Bisciotti was having a little fun, but he also wanted them to grasp the price of true greatness.
As a student of leadership in his pre-NFL business life, he found Lewis compelling.
"When I say the unique leaderships skills that Ray had, he literally could inspire you to give more than you think you could give, to sacrifice more than you think could sacrifice, and he drove people to be their best selves," Bisciotti said. "And it was by example. There was nobody watching more film, nobody staying in the gym longer after practice. So the effect he had on others, it's hard to quantify. But I do believe that playing next to Ray, you gave more than you would have or could have if he wasn't there. And I find that remarkable. I really do."

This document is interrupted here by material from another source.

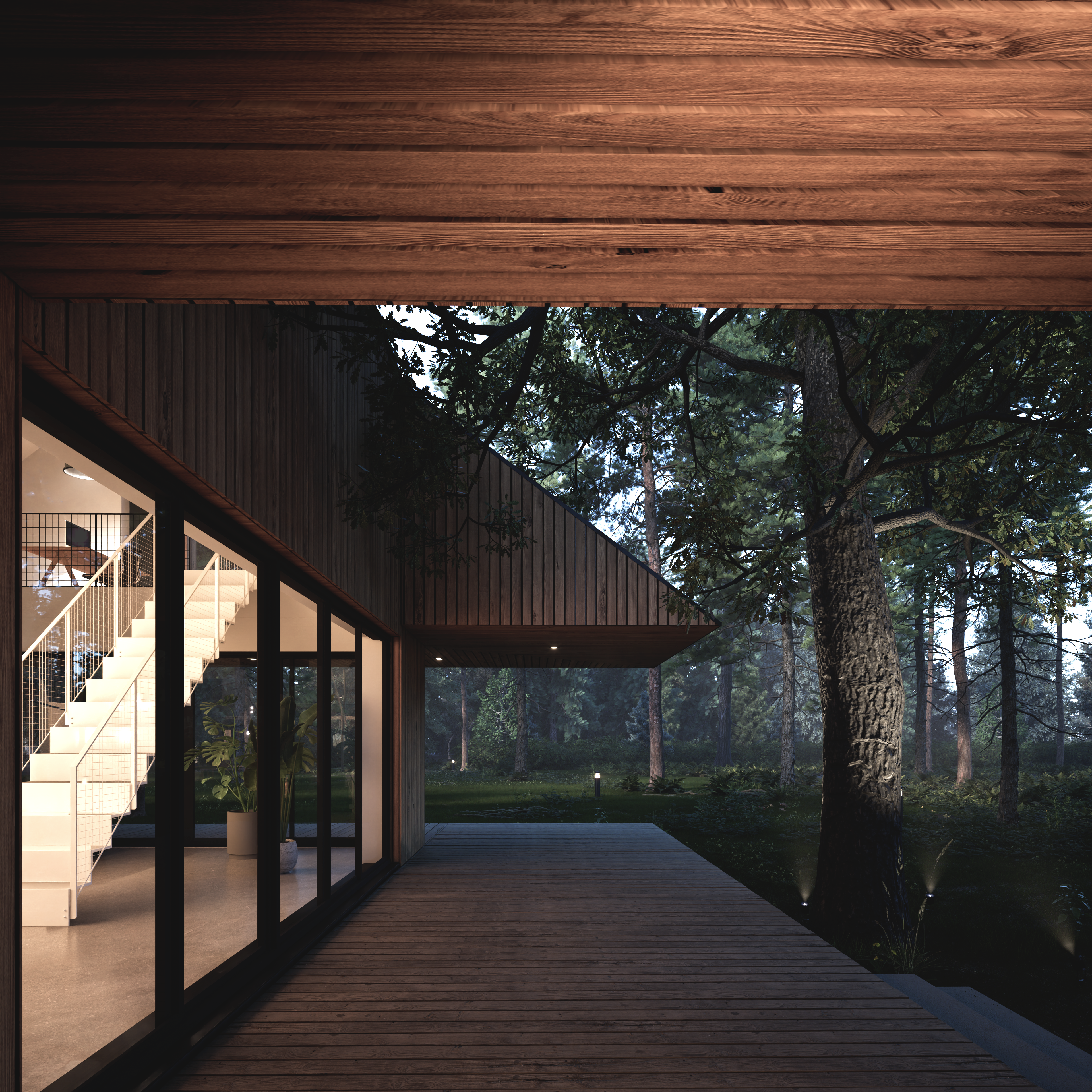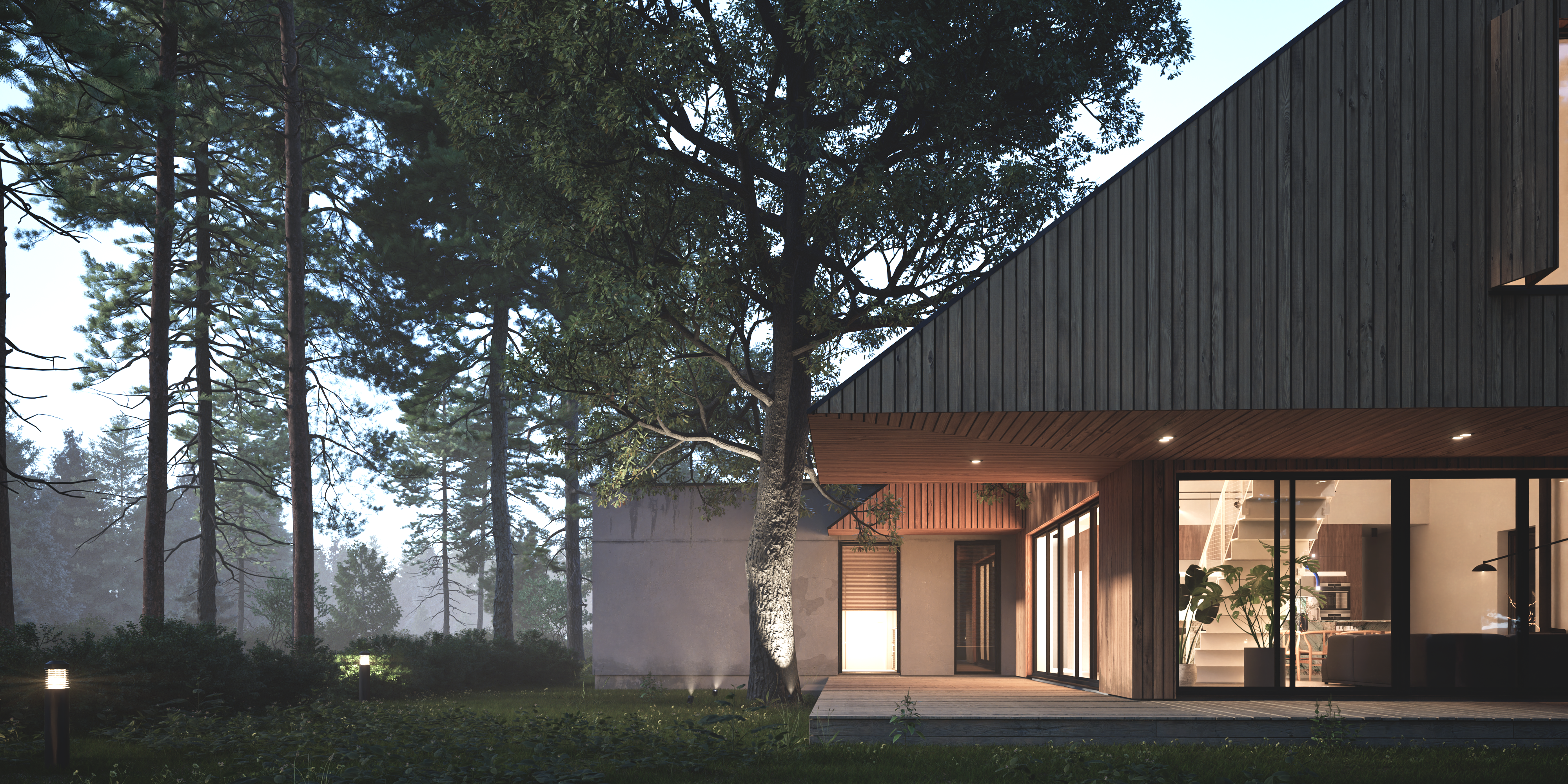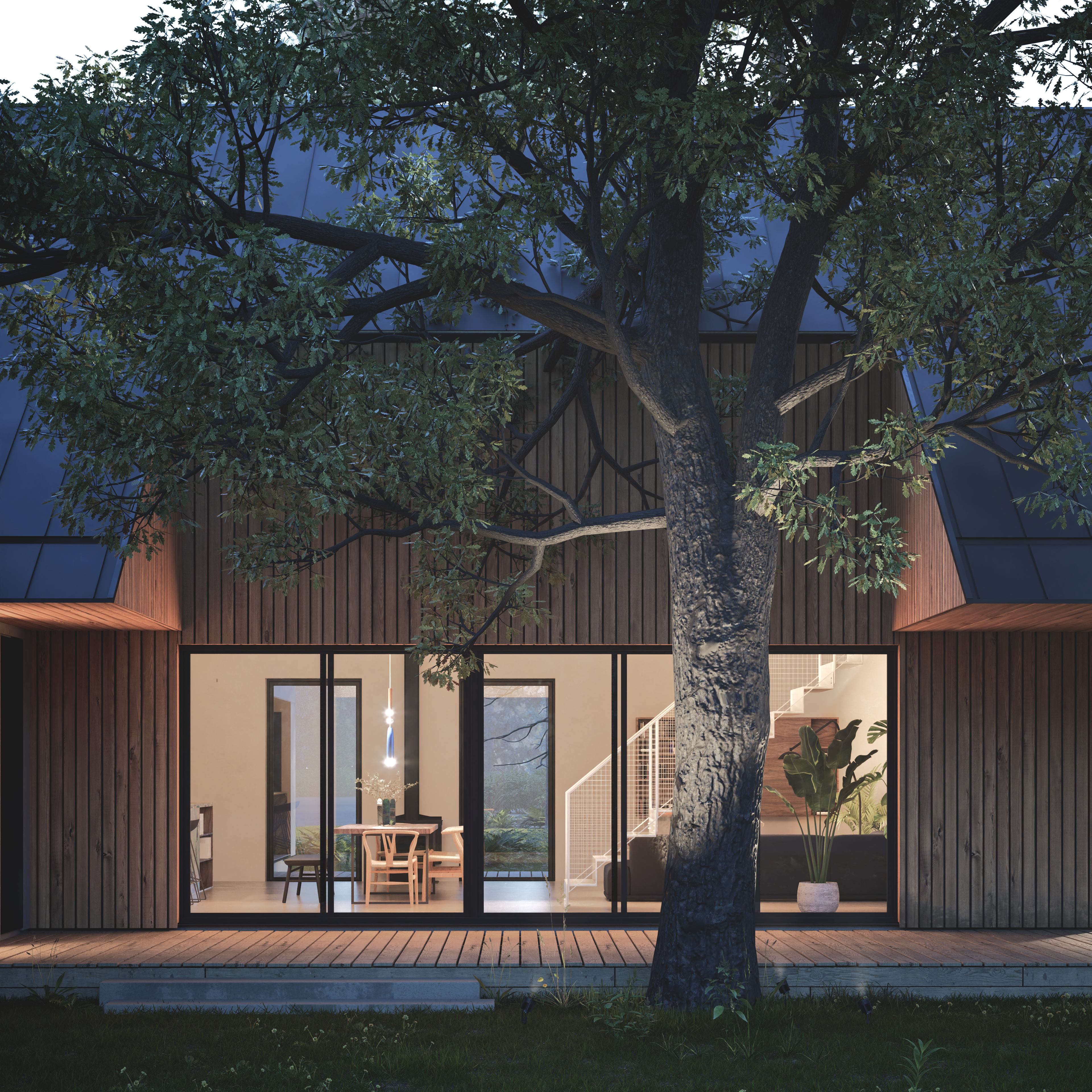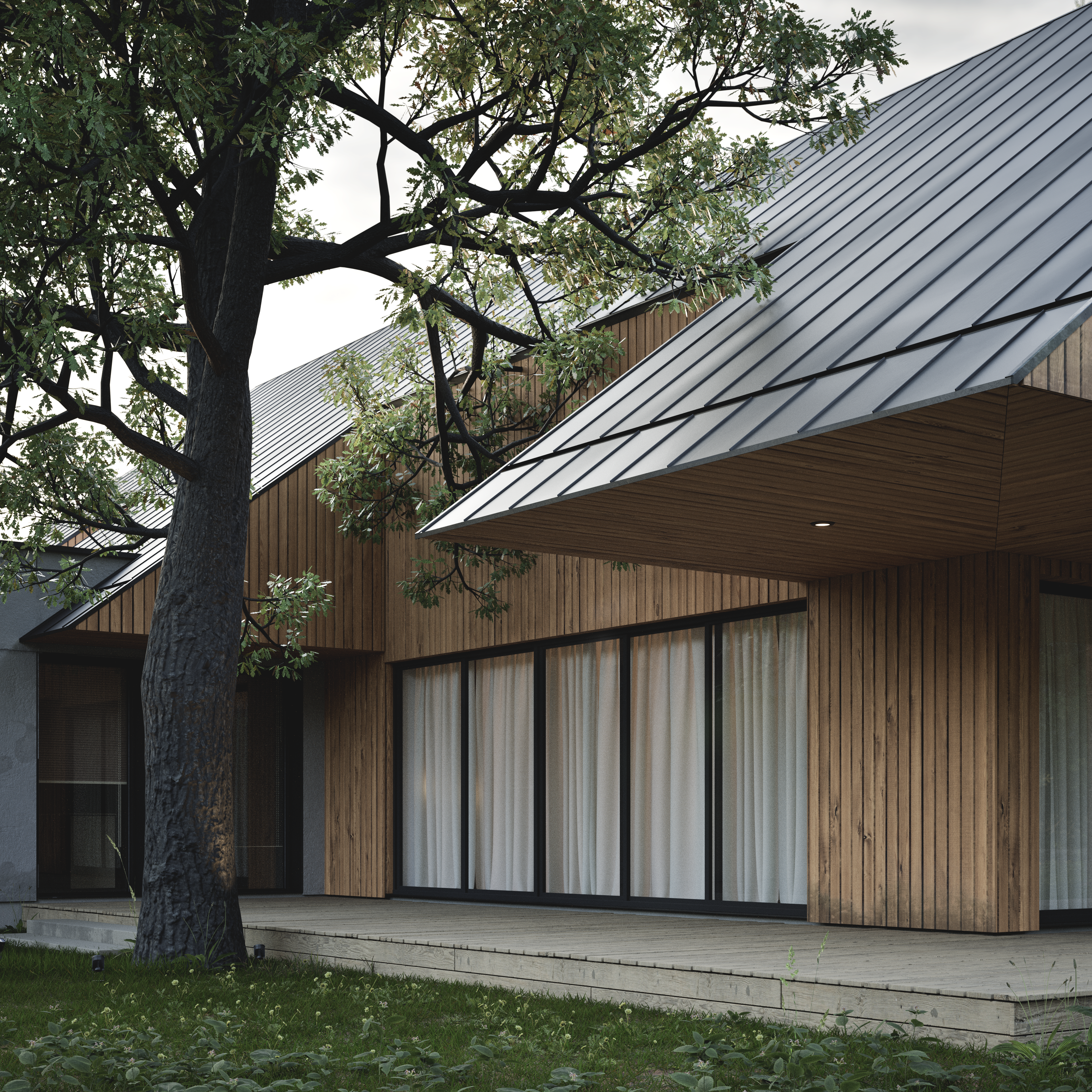 W podwarszawskich Markach, na pięknej działce, zaprojektowaliśmy dom. Naszym zadaniem było dopasowanie projektu do porośniętej drzewami działki inwestorów tak, aby zachować istniejący na niej drzewostan. Dom wsunęliśmy pomiędzy trzy wspaniałe drzewa: dąb, sosnę oraz brzozę. Bryła domu jest podzielona na trzy części. Monolityczne, betonowe prostopadłościenne bloki na froncie, część przeszkloną, parterową „wpuszczającą” las do wnętrza oraz drewnianą bryłę piętra - czapę przykrywającą pozostałe części, dającą zadaszenie przestronnemu tarasowi. W górnej bryle zaprojektowaliśmy wycięcie zapewniające przestrzeń dla rozłożystych gałęzi dębu.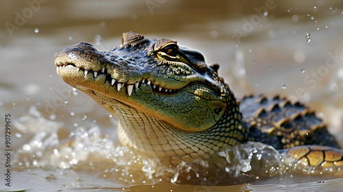 Obraz premium A terrifying crocodile emerging from a murky swamp .

Lewis played for 17 seasons, almost unheard of in a league in which the average career is less than four. During what he termed his "last ride," the 37-year-old tore his triceps in the sixth game of the season. In typical fashion, he worked like a demon to defy the odds and return for the playoffs. In the Super Bowl, he was a step slower than the young San Francisco 49ers on the other side of the ball. But he still finished with seven tackles and celebrated the end of his career with a parade through the streets of Baltimore, the city he'd made his own.
He comes to town frequently in retirement, working to boost his Power 52 jobs initiative or shepherding groups of city children to Under Armour CEO Kevin Plank's Sagamore Farm, where he gives them a glimpse of a different world. He spends much of the rest of his time keeping up with his own children, all of whom are either in college or headed there.
Recently, he fell into conversation with an older Baltimore woman, who told him that every time she watched him dance out of the tunnel on Sunday, she felt a little more hopeful about the week ahead.
"If you can give somebody that gift," he said, his voice breaking. "If you can pass that gift … "
And for once, Ray Lewis was out of words.